In various embodiments, the computing unit includes one or more hardware and/or software interfaces and/or one or more memory devices. A memory device may be implemented as a volatile data memory, for example a dynamic random access memory, DRAM, or a static random access memory, SRAM, or as a nonvolatile data memory, for example a read-only memory, ROM, a programmable read-only memory, PROM, an erasable read-only memory, EPROM, an electrically erasable readonly memory, EEPROM, a flash memory or flash EEPROM, a ferroelectric random access memory, FRAM, a magnetoresistive random access memory, MRAM, or a phase-change random access memory, PCRAM.

An artificial neural network can be understood as a software code or a compilation of several software code components, wherein the software code may comprise several software modules for different functions, for example one or more encoder modules and one or more decoder modules.

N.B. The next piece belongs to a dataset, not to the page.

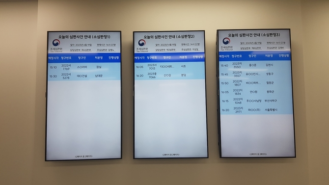안내판은 법원에서 사용하는 것과 똑같다. 시간, 사건번호, 청구인(이름을 가린), 처분청이 표시된다.

An artificial neural network can be understood as a nonlinear model or algorithm that maps an input to an output, wherein the input is given by an input feature vector or an input sequence. A software module may be understood as a portion of software code functionally connected and combined to a unit. A software module may comprise or implement several processing steps and/or data structures.

Computer vision algorithms, which may also be denoted as machine vision algorithms or algorithms for automatic visual perception, may be considered as computer algorithms for performing a visual perception task automatically. A visual perception task, also denoted as computer vision task, may for example be understood as a task for extracting visual information from image data. In particular, the visual perception task may in principle be performed by a human, which is able to visually perceive an image corresponding to the image data. In the present context, however, visual perception tasks are performed automatically without requiring the support of a human.

For example, a computer vision algorithm may be understood as an image processing algorithm or an algorithm for image analysis, which is trained using machine learning and may for example be based on an artificial neural network, in particular a convolutional neural network.

For example, the computer vision algorithm may include an object detection algorithm, an obstacle detection algorithm, an object tracking algorithm, a classification algorithm, and/or a segmentation algorithm.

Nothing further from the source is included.